- InPage 3 splash screen displaying Urdu text
- Original author: Concept Software
- Developer: InPage Team
- Release: 1994; 32 years ago
- Stable release: 4.1 / January 2026; 7 months ago
- Operating system: Microsoft Windows, macOS
- Available in: English
- Type: Desktop publishing software
- License: Proprietary
- Website: inpage.com

= InPage =

Indian word processor and page layout software

InPage is a word processor and page layout software by Concept Software Pvt. Ltd., an Indian information technology company. It is used for languages such as Urdu, Arabic, Balti, Balochi, Burushaski, Pashto, Persian, Punjabi, Saraiki, Sindhi, Kashmiri and Shina under Windows and macOS. It was first developed in 1994 and is primarily used for creating pages in Urdu, using the Nasta`līq ('hanging' calligraphic) style of Arabic script.

==Overview==
InPage is used on PCs where the user wishes to create their documents in Urdu, using the style of Nastaliq with a vast ligature library while keeping the display of characters on screen WYSIWYG. Overall, this makes the on-screen and printed results more 'faithful' to hand-written calligraphy than most other Urdu software on the market at the time of InPage's release. This faithfulness is achieved while keeping the software simple and easy-to-use, akin to earlier versions of standard English Desktop Publishing packages such as QuarkXPress and Adobe InDesign.

Before being used within InPage, the Noori style of Nastaliq, which was first created as a digital typeface (font) in 1981 through the collaboration of Mirza Ahmad Jamil TI (as calligrapher) and Monotype Imaging (formerly Monotype Corp.), suffered from two problems in the 1990s: a) its non-availability on standard platforms such as Windows or Mac, and b) the non-WYSIWYG nature of text entry, whereby the document had to be created by commands in Monotype's proprietary page description language.

History

In 1994, an Indian software development team - Concept Software Pvt. Ltd. (est. 1988 in Delhi), led by Rarendra Singh and Vijay Gupta, with the collaboration of a UK company called Multilingual Solutions led by Kamran Rouhi, developed InPage Urdu for Pakistan's newspaper industry, who up until that time had been using large teams of calligraphers to hand-write last minute corrections to text created under Monotype's proprietary system. The Noori Nastaliq typeface was licensed for InPage from Monotype and augmented for use as the main Urdu font in this software, along with 40 other non-Nastaliq fonts.

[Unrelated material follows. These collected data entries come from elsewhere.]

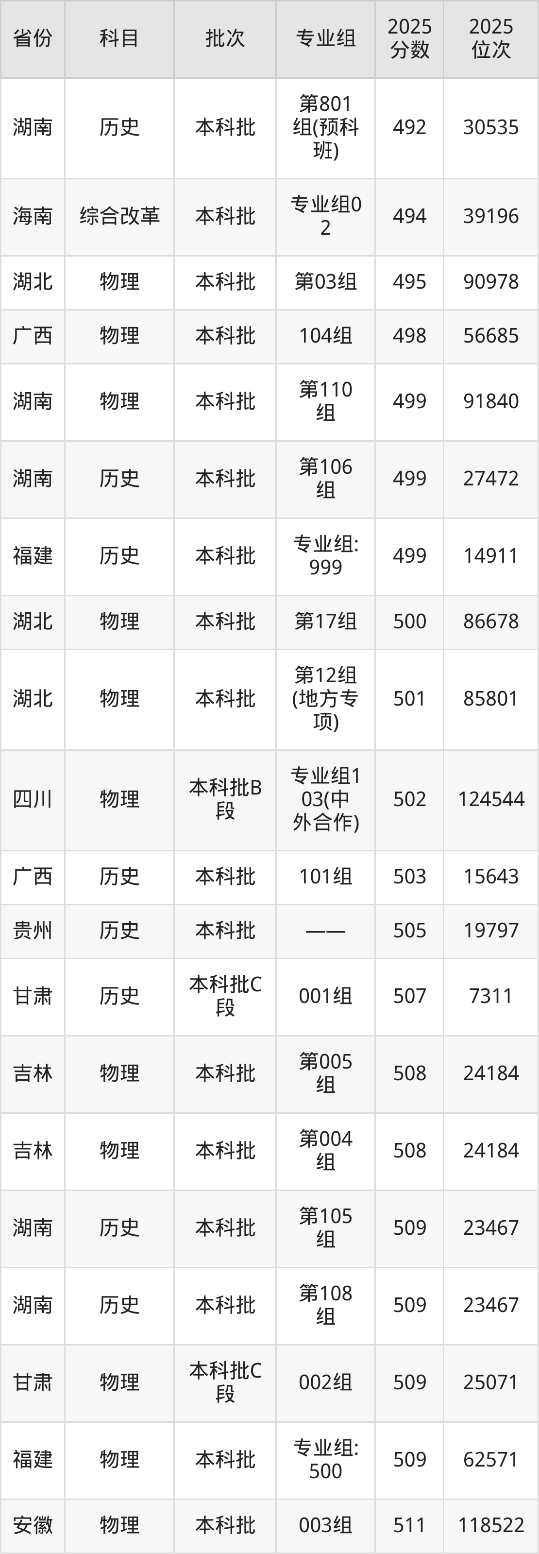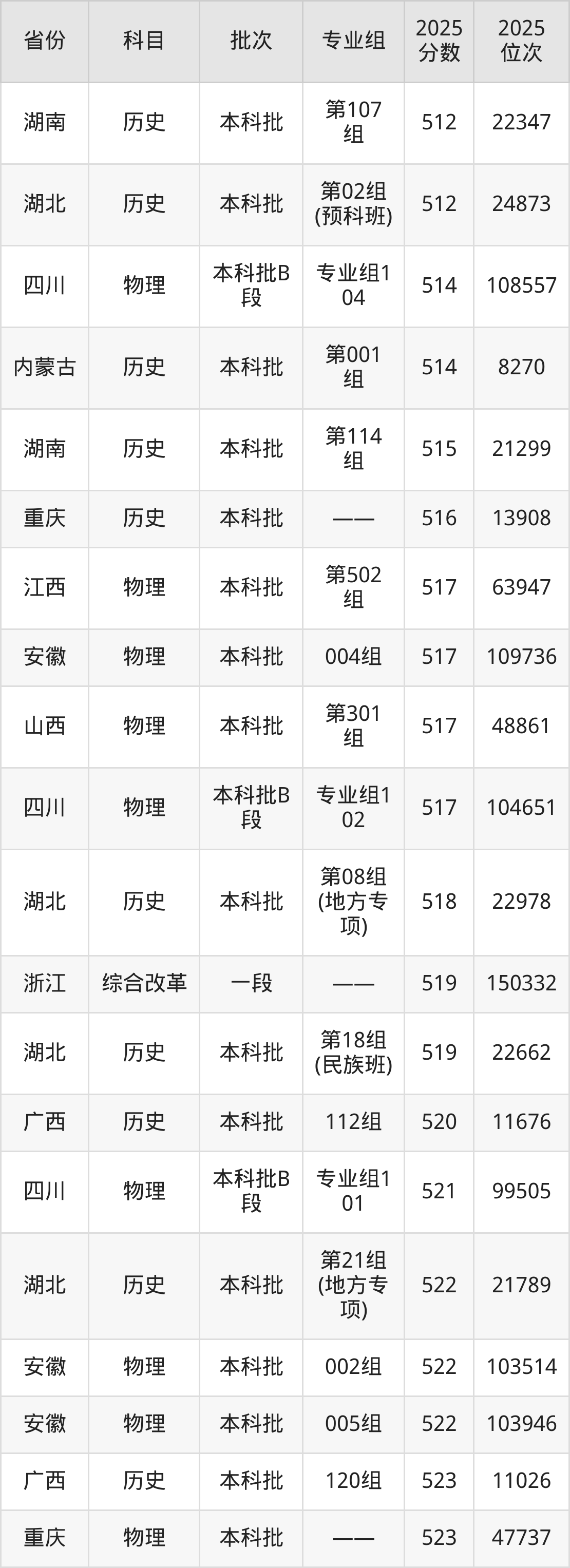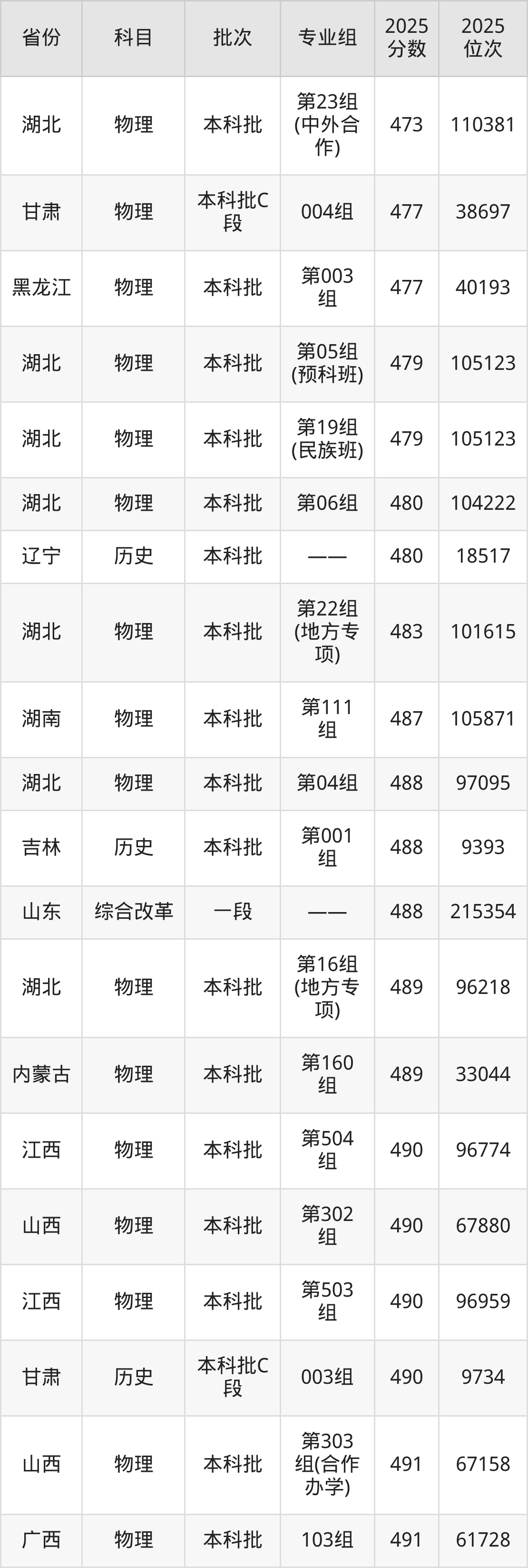 2025年湖北民族大学在各省普通批录取分数线一览表:
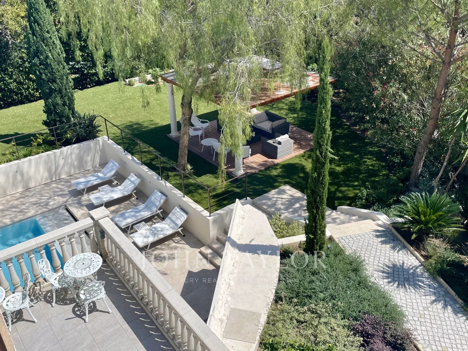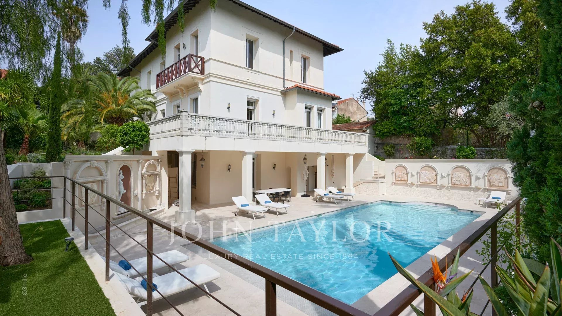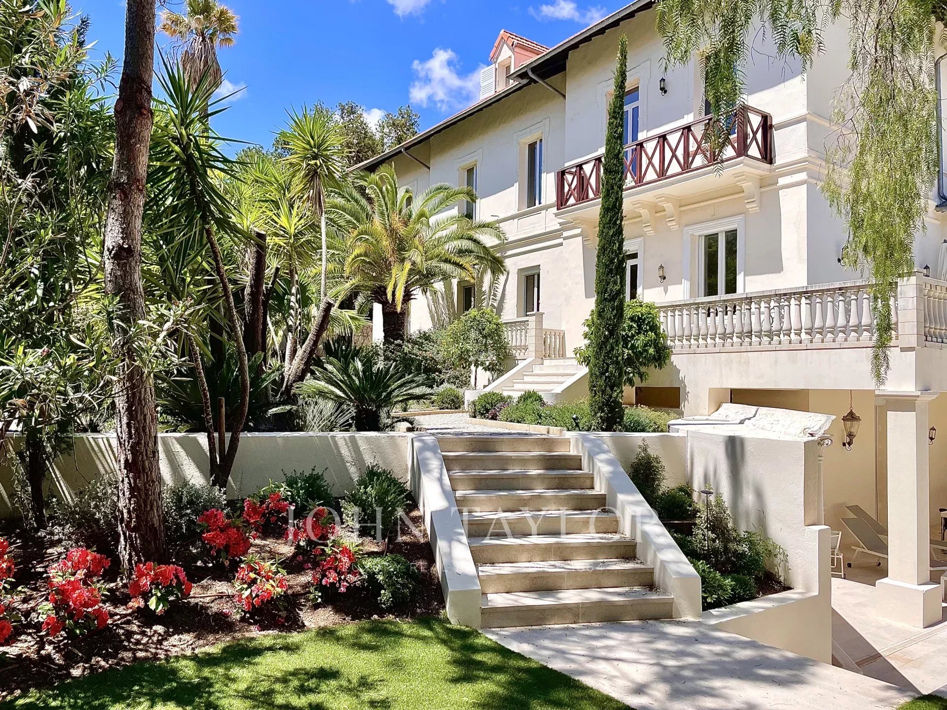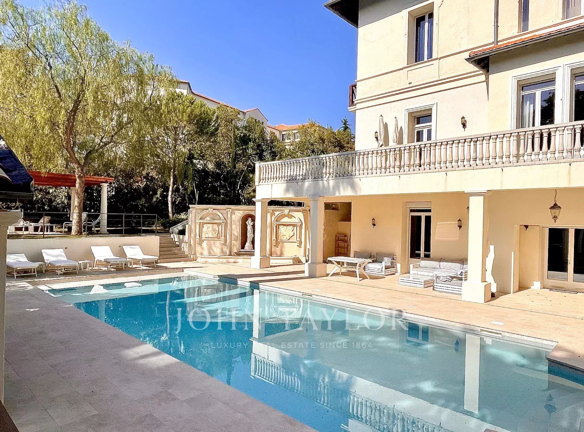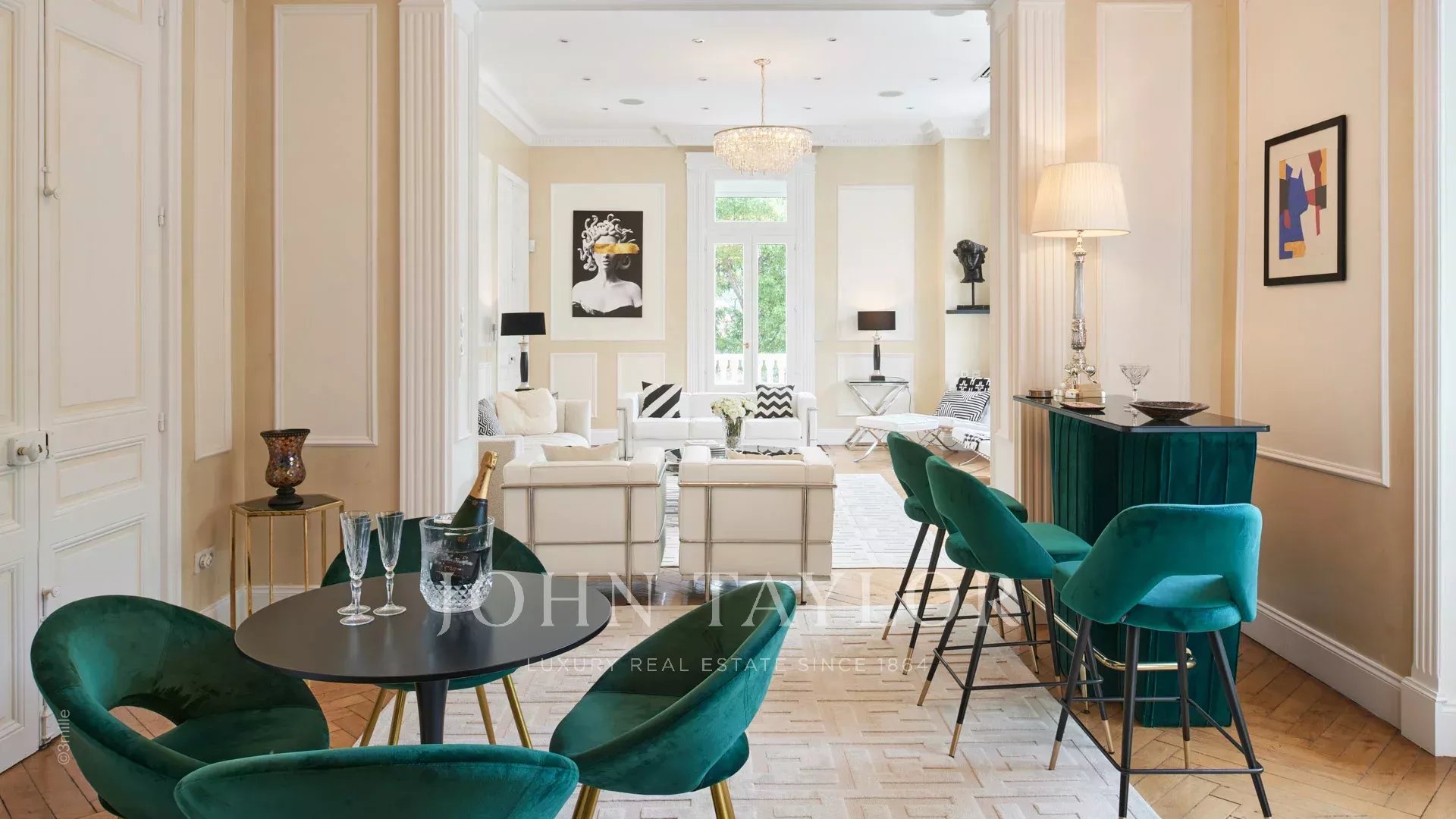 Situada numa zona residencial, a dois passos do coração de Cannes e a 10 minutos a pé do Palais des Festivals, esta luxuosa villa Belle Epoque com 650 m2 de espaço habitacional foi totalmente renovada e climatizada, e está situada em 2.500 m2 de parque.
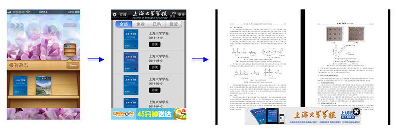 自2015年1月1日起,《上海大学学报(自然科学版)》在App Store成功上线,正式拉开学报纸质版与数字版(在App Store上同步出版)双模式出版的帷幕。目前,2013~2014年共12期的论文内容已上线,供广大读者、作者免费阅读,学报审稿专家、作者还可直接点击客户端页面进入学报主页查询论文送审情况。
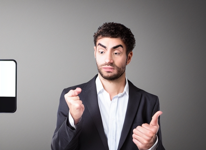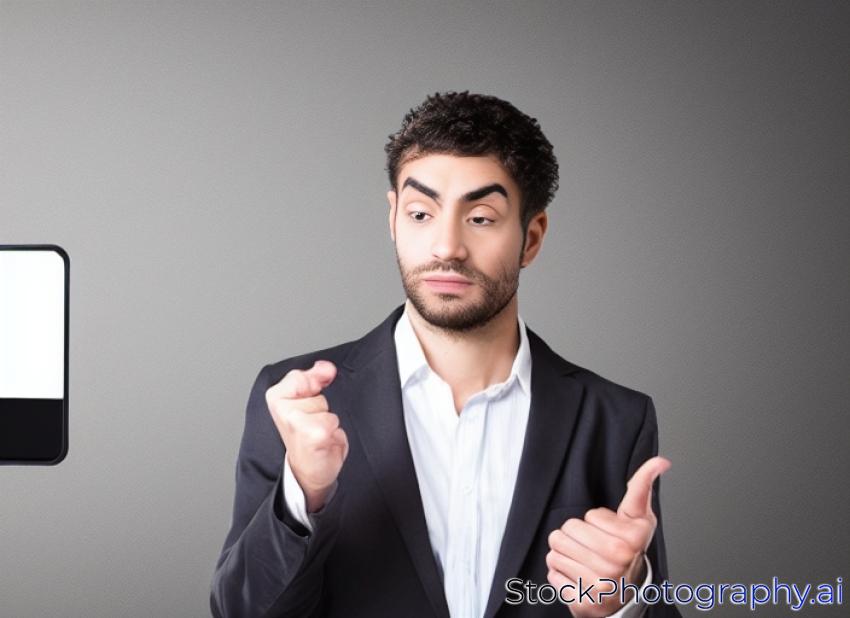 portrait of a young business man standing against a black background and selecting something from an imaginary screen with his finger while looking at it very focused
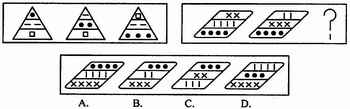 解法2:替代法。第一组第一个图形的下面两层元素的“—”和“□”与第二组图形的“l”和“•”一一对应,所以选择A。
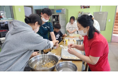 엄기석 권사님 내외분 오셔서 만두 만들기 봉사 진행해 주셨습니다♥ 고등학생 아동…
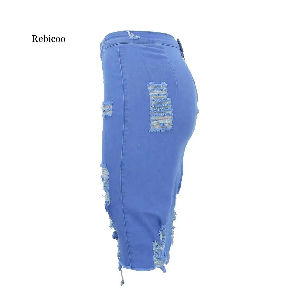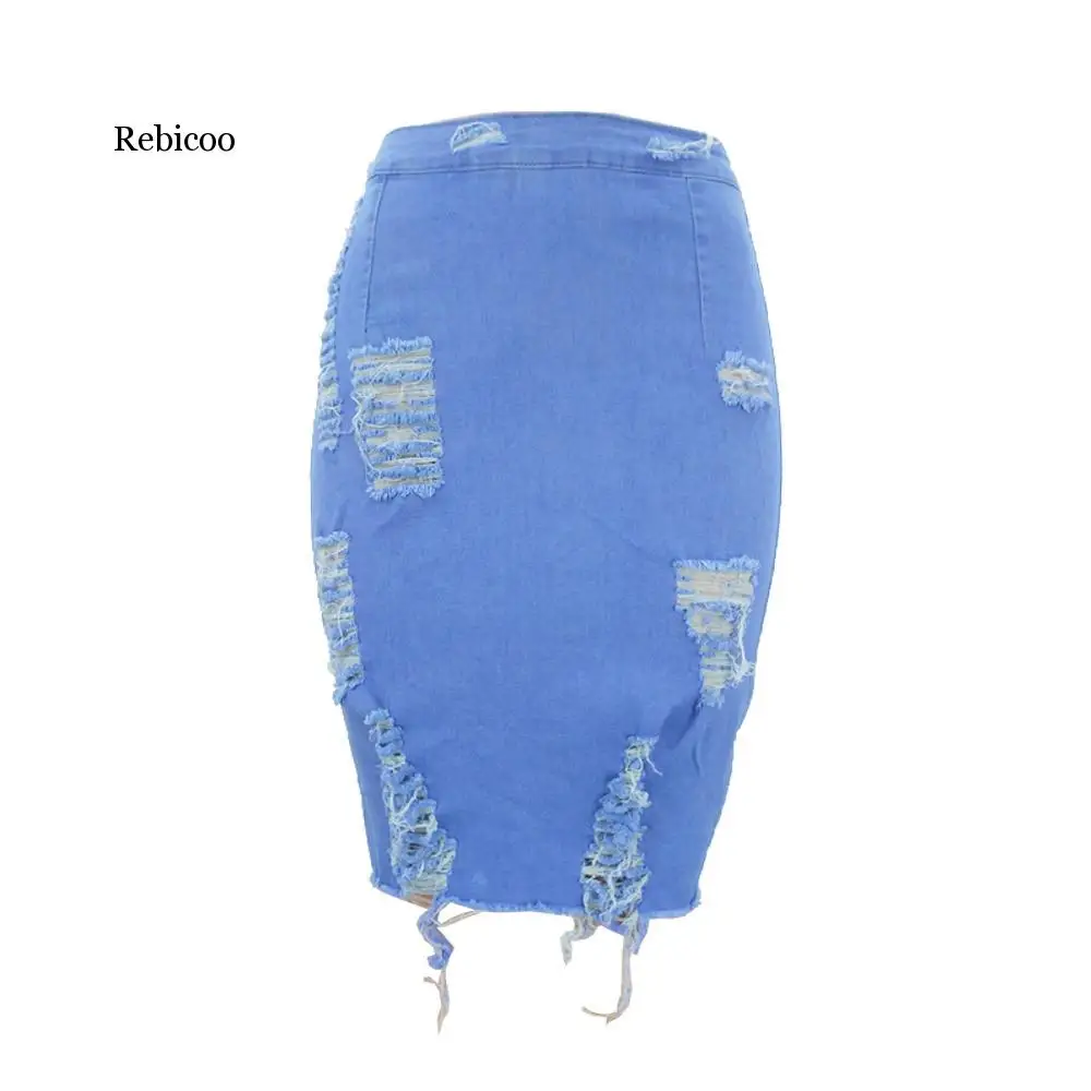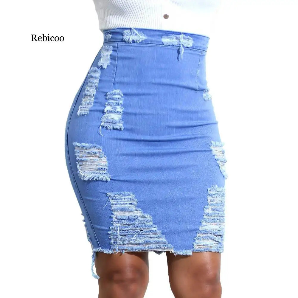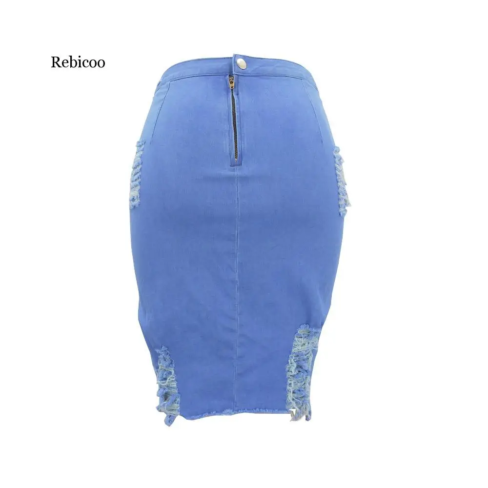 Женская рваная джинсовая юбка, голубая облегающая юбка-карандаш с завышенной талией, размера плюс, повседневная, джинсовая мини-юбка

InPage is reported to be used on millions of PCs in Pakistan and India (mainly illegal pirated versions). It has also been widely marketed and sold legally in the UK and India since 1994.

InPage launched its Version 3 at ITCN exhibition Asia in Karachi, Pakistan, held in August 2008. This version is Unicode based, supports more Languages, and other Nastaliq fonts with Kasheeda have been added to it along with compatibility with OpenType Unicode fonts. In addition to Arabic, Saraiki, Urdu, Persian and Pashto, other languages of the region, such as Sindhi and Hazaragi can be handled in InPage. The latest version 4.0 launched on 6 January 2024 at NCPUL National Urdu Book Fair, Mumbai, India. This version is backwards compatible with files created with version 2.92 and up along with extra fonts and some minor fixes.